* Task instructions *
Repeat the records below exactly from the line containing "Блок распределительный с" to the line containing "Ayak pedallı, beyaz", taking in both of those lines. Drop the pictures.

Records drawn from a dataset
----------------------------------------
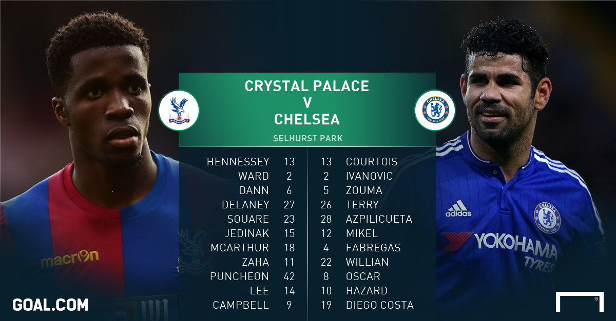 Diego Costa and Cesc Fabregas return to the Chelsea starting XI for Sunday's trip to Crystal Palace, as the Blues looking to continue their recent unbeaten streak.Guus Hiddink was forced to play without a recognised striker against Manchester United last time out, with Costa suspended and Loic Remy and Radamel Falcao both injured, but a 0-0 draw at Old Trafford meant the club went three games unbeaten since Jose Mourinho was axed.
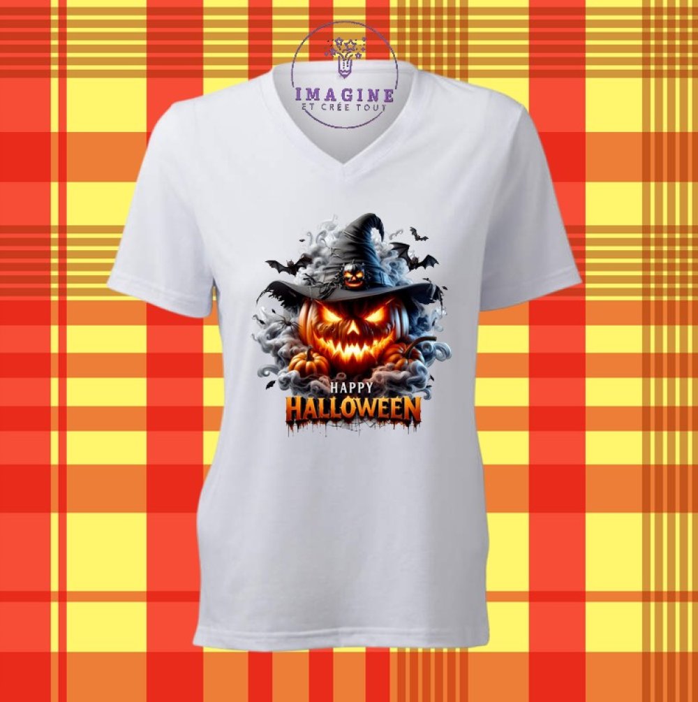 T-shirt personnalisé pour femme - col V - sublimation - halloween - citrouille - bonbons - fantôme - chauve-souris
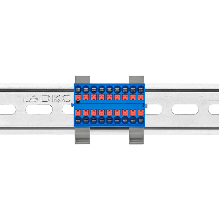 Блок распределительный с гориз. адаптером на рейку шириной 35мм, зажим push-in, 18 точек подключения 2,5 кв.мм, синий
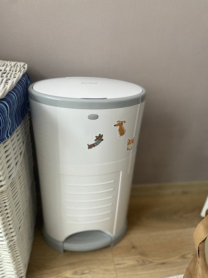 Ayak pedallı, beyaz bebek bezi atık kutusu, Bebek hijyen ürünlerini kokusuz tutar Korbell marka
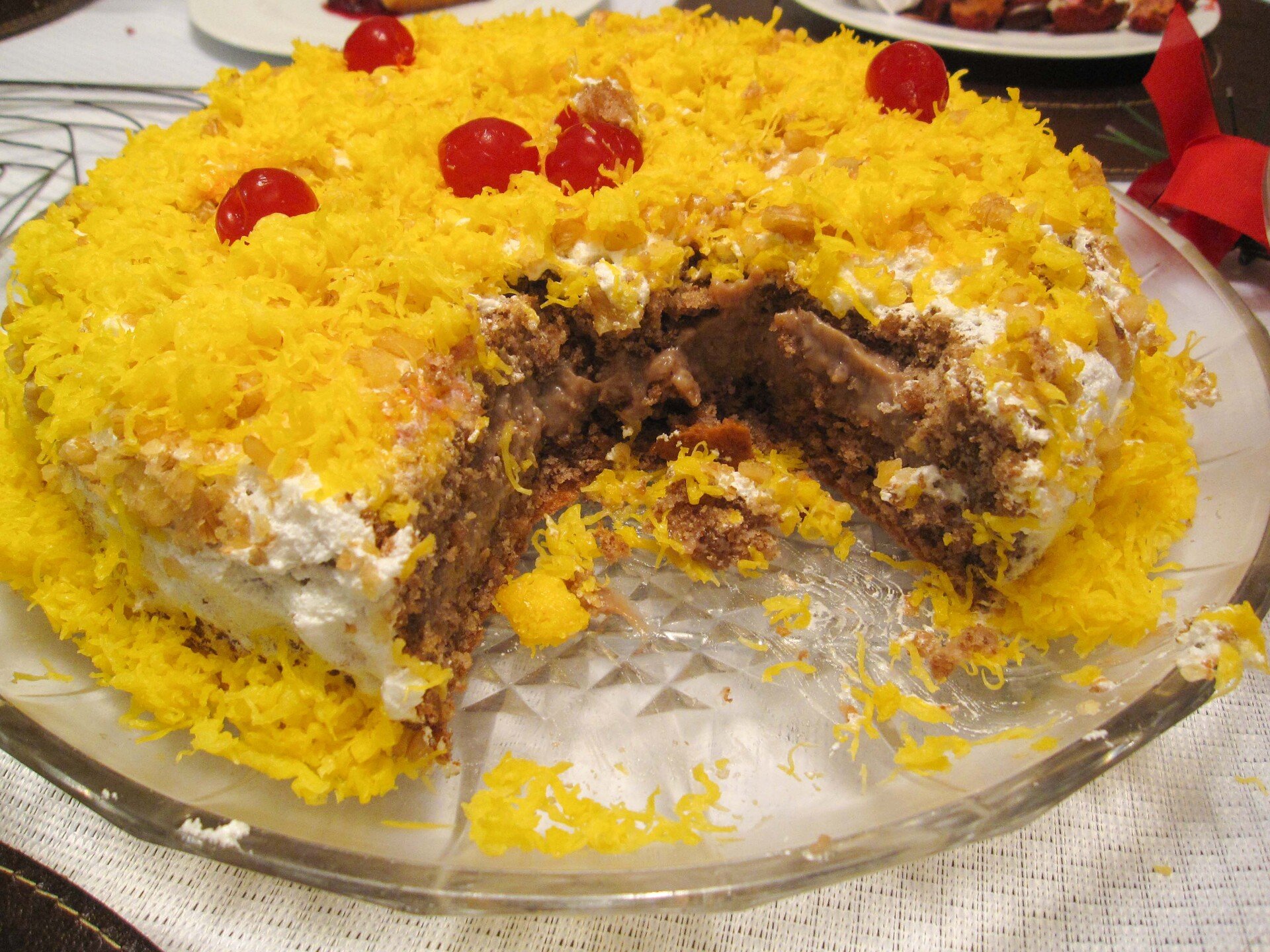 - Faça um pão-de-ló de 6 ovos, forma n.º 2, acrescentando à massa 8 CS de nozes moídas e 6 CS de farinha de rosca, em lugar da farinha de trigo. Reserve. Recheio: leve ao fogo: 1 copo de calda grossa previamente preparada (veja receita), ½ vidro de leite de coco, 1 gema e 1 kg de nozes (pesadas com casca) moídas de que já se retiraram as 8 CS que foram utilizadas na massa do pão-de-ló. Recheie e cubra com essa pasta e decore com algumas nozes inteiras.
----------------------------------------
* Task response *
 Блок распределительный с гориз. адаптером на рейку шириной 35мм, зажим push-in, 18 точек подключения 2,5 кв.мм, синий
 Ayak pedallı, beyaz bebek bezi atık kutusu, Bebek hijyen ürünlerini kokusuz tutar Korbell marka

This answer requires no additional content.